The second man is described as being of Mediterranean appearance, aged between his late 20s and early 30s, clean shaven and with spiky hair. He is said to have been wearing a grey hoodie.

Detective Constable Ben Cousin, of Haringey Community Safety Unit, said: “This was a shocking attack in broad daylight in the middle of a busy street.

“Racially and religiously-motivated crimes will not be tolerated I would appeal to anyone who witnessed this attack to contact police.”

The victim has told the Evening Standard nobody offered her any help against her assailant. She says stood up to him herself: “I was shocked and then got angry I started shouting at him saying ‘how can you do that?’ I don’t think he thought I was going to stand up for myself, he thought I was just going to cry about it.”

She added: “I don’t feel safe on the streets, I’m more cautious than I have ever been – especially around men. My father doesn’t want me to leave the house on my own anymore but I can’t always have someone with me.

“I have to get to university and go to the library and get on with my life but it’ll always in the back of my mind.

“My hijab is my religious faith, it’s my identity, it’s who I am. For him to come and pull it off it saddens me. It’s 2016 and people are still hating on each other because of their faith and choices.”

The police investigation into the attack comes as National Hate Crime Awareness Week begins.
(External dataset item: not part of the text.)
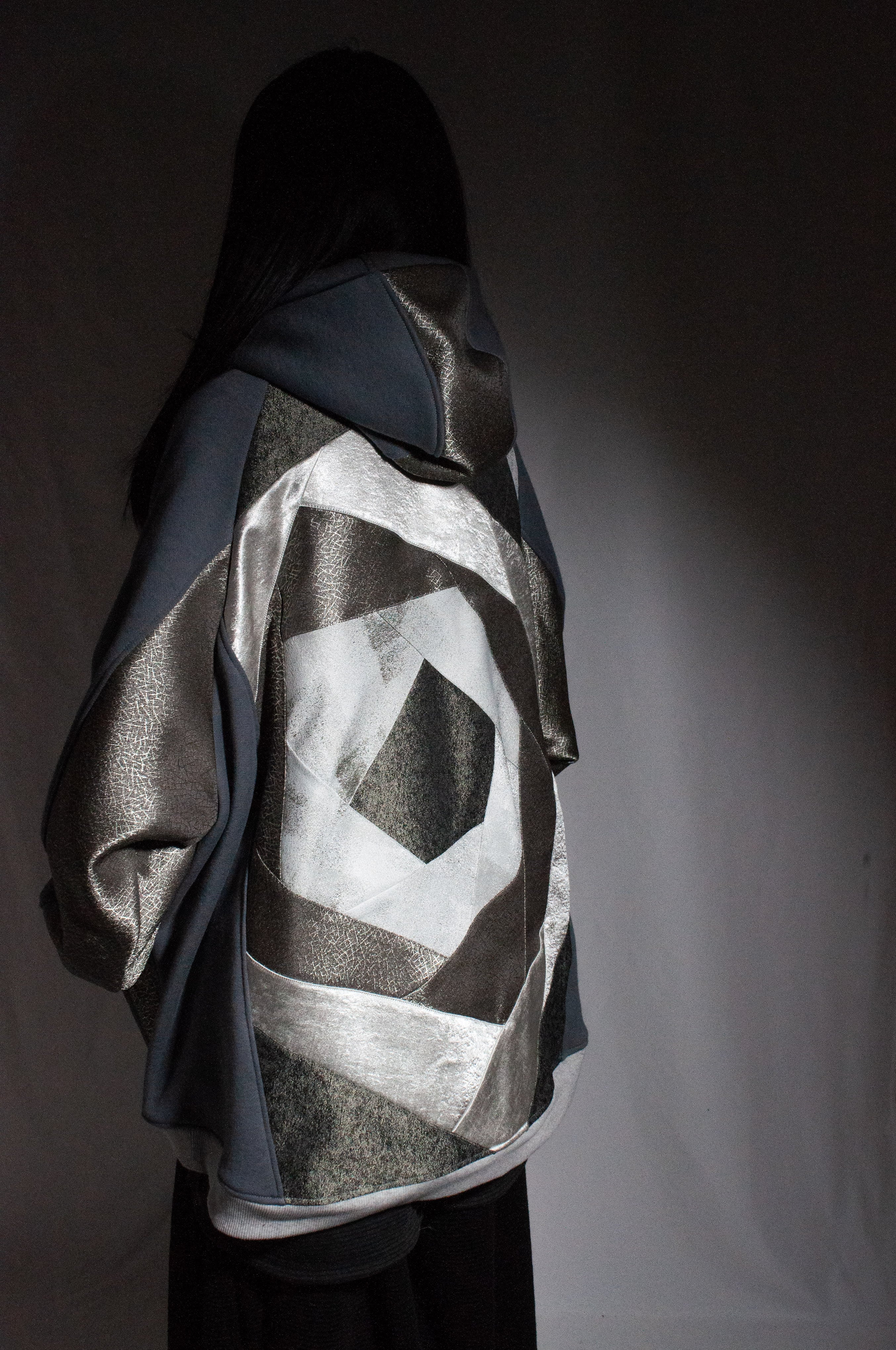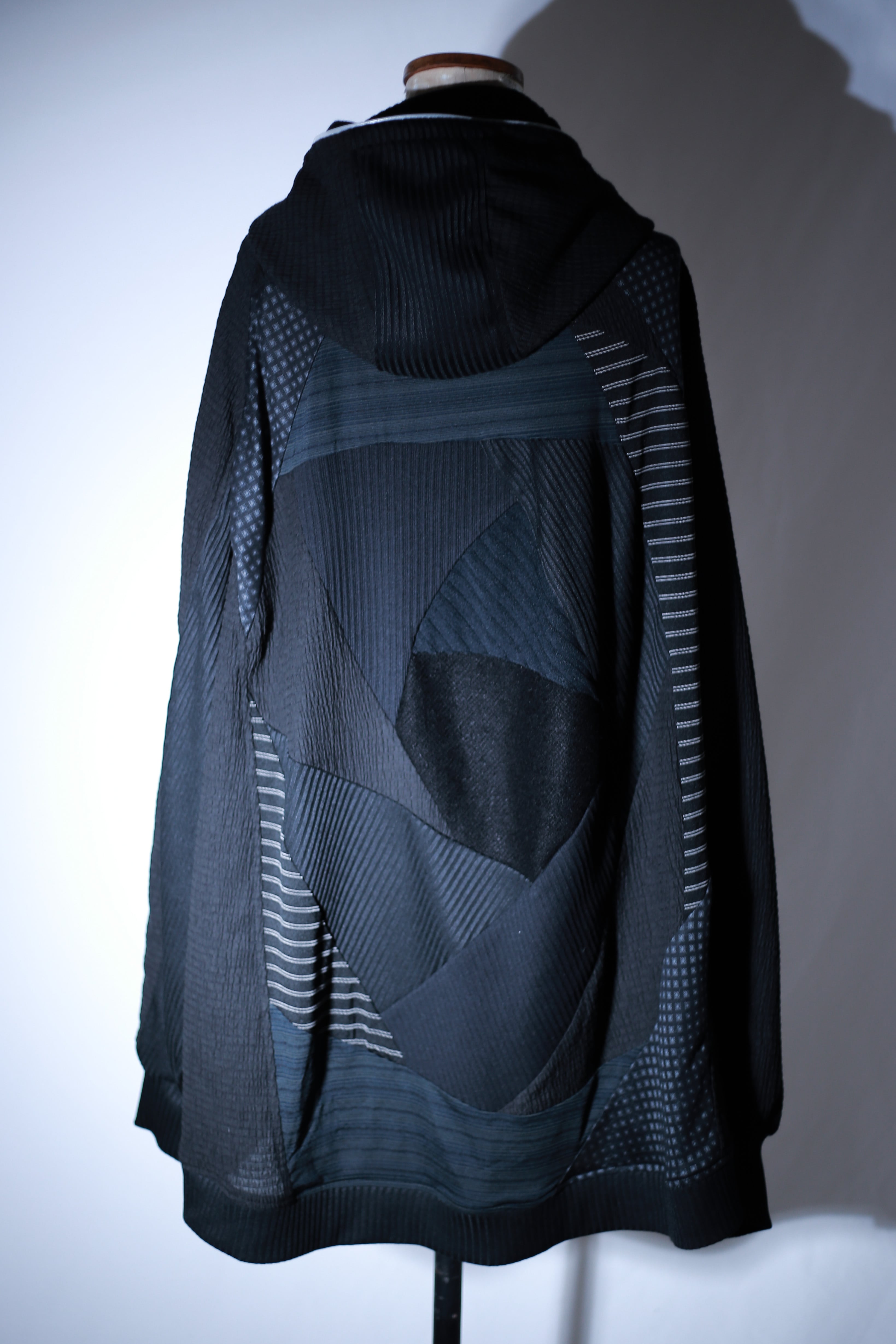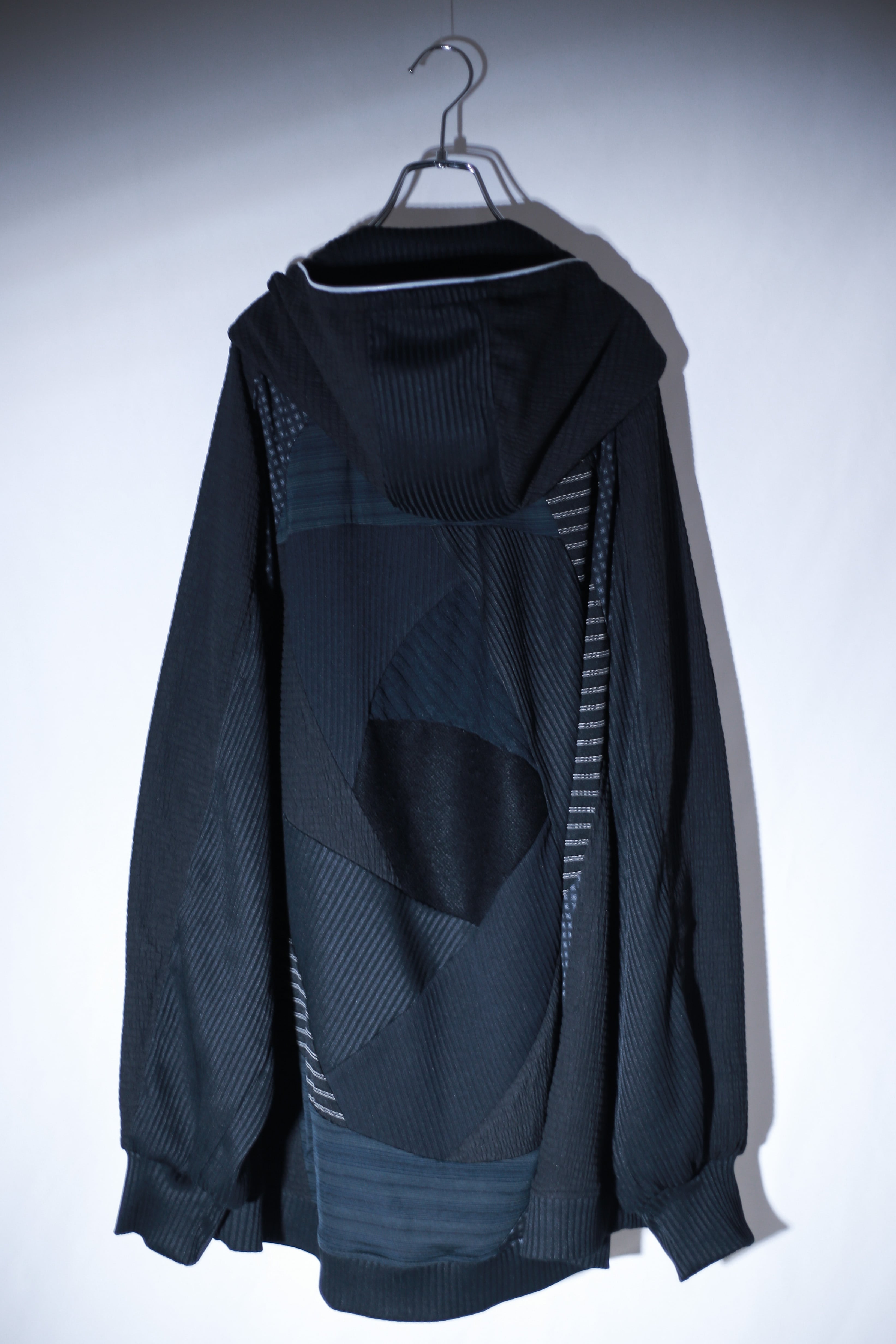対して背面には、大胆なパッチワークを配置。

The  recording of the attack by police as racially motivated could be problematic, according to some campaigners.

Shahab Adris of Muslim Engagement and Development (MEND) told 5 Pillars a lot of more work is needed to specifically address the problem of anti-Muslim hate crimes. He feels incorrect labelling of such attacks could prevent proper monitoring. “There have been cases where police forces have recorded an Islamophobic incident as a racially motivated incident, which then makes it difficult to map and monitor anti-Muslim cases. All relevant staff need to be efficiently trained in understanding and dealing with anti-Muslim hate-crimes and for consistency in identifying and recording anti-Muslim hate crimes and incidents.”